The High Priest is about the rules. The High Priest says, know the rules, and follow them so deeply that you get the results you want. Do the homework and then get what you want.

Ann’s Fashion Tarot, Crimson Edition: The Emperor.

The Emperor says: Place matters. You are never not in a place and you should probably always do something about it.

I had no intention of sleeping during the night I stayed in the hospital and that is exactly how it went down. The procedure took a few hours and then I got moved to a shared room, shared with a woman who kept crying out, like all night long, for help. I don’t think she understood that I was just another patient on the other side of the curtain. But there was no real way to convey that so I just rolled with it and pushed my own call button every time she hollered. “She’s asking for someone to turn her.” “She’s asking for someone to clean her up.”

The nurses were apologetic but it was really no problem. I was awake, I was not going to miss a minute of this. On my shoulders I had this hot-pad of weighted beads, keeping air from getting trapped up in there, or at least mentally that’s what I pictured and boom as a result there was none of the referred shoulder pain I’d heard about. On my calves were these wrap-around gauntlet things, pulsing all night long with air up and down, maybe to keep blood clots from forming or maybe just to entertain me. Either way they worked. They were spectacular. It was not a night to be missed.

Honestly I love medical attention. There is nothing better than having your vitals checked every two hours, like, every two hours being reminded that on a basic human level you are vital. Plus the feeling of being helpful to a roommate, not that she knew that that’s what was happening.

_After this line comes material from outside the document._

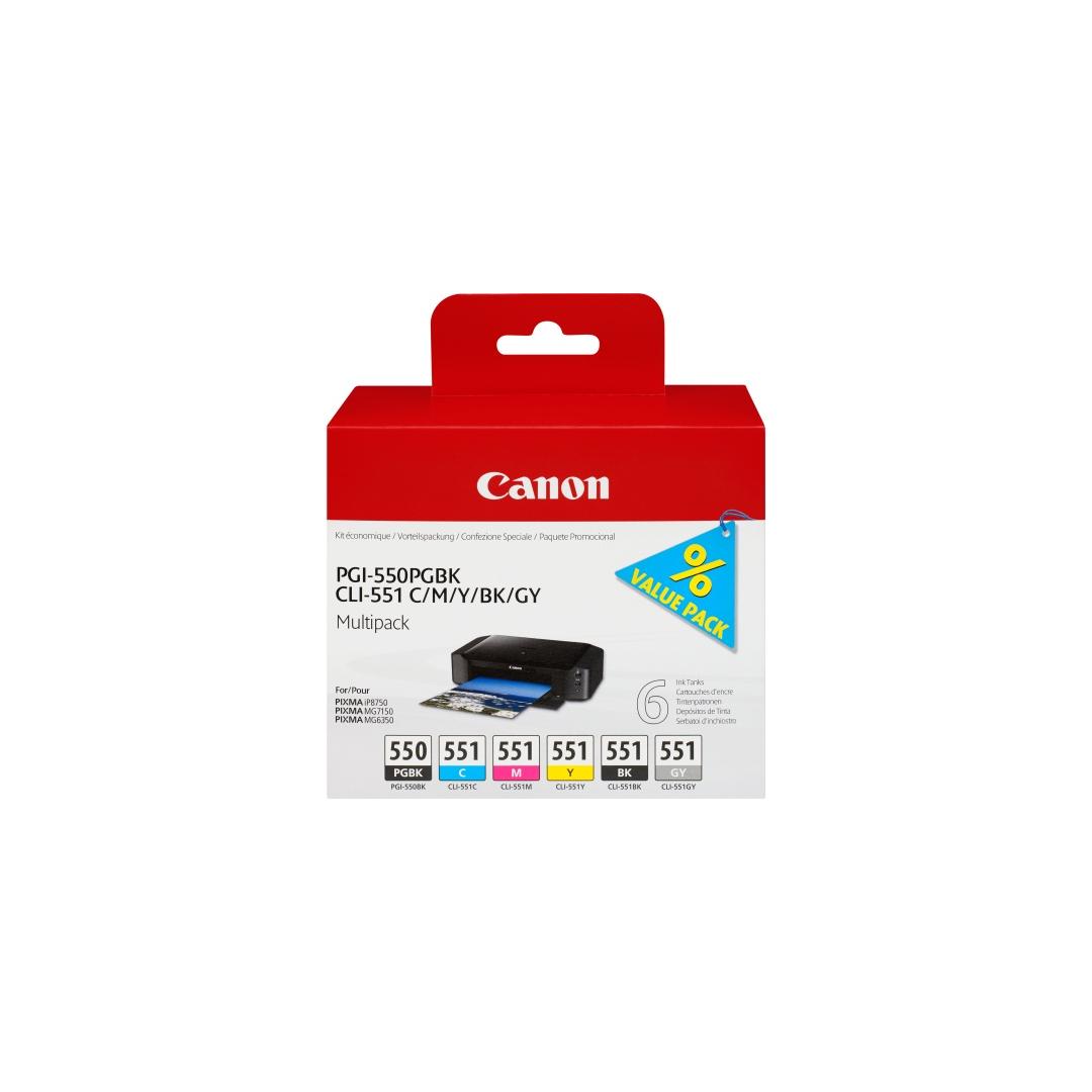 Canon PGI-550/CLI-551 (6496B005) Ink Cartridge Multipack, PGBK/C/M/Y/BK/GY
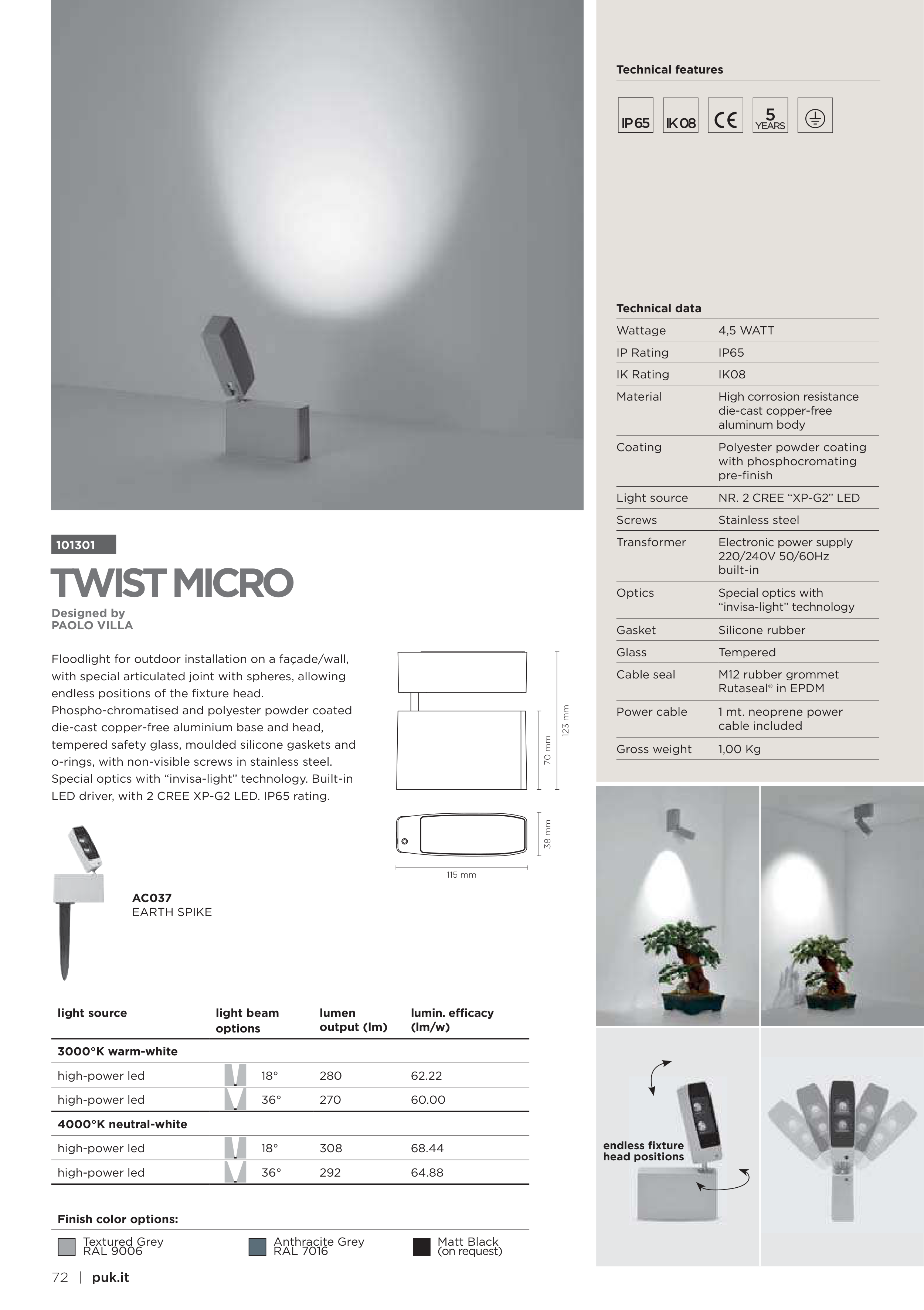 Special optics with “invisa-light” technology. Built-in

In the morning I detached the leg things and walked over to the shared sink and put on some eyeliner because it does indeed make a difference, for me, in making the new day official. Roommate could see me and was like, please change the channel? This was a challenge but I found the remote and the classic cartoon station she wanted and then I went back to my bed. We were both in a place where you’re supposed to get taken care of and I was part of that place for her and it all worked out fine.

The Emperor says location matters and if you find yourself called to be part of making a place a capital-P Place, do it. Do this whether it makes sense or not. Use your hands and just use everything to make the place what you need it to be and also what the other person needs. At times you find yourself sharing a tiny room with some other person who literally cannot figure out what’s behind the curtain.

Update on Abby: At this point, as I’m writing this, she has begun her new job. She fills the reception area of a waiting room where people arrive nervous and hopeful and either ready or not-at-all ready to have needles stuck in them by a licensed acupuncturist. The license doesn’t matter if you’re scared. Abby’s way of saying “hello, welcome” fills up the room and makes everybody, like everybody, feel like it’s going to be so very ok. What she drew, above, the drawing I decided was The Emperor, is how she fills the space. Like the easiest and most elegant thing, but big enough to bleed off the page, out through the lobby, hopefully trailing out a little bit with you when you leave. It’s how to do it.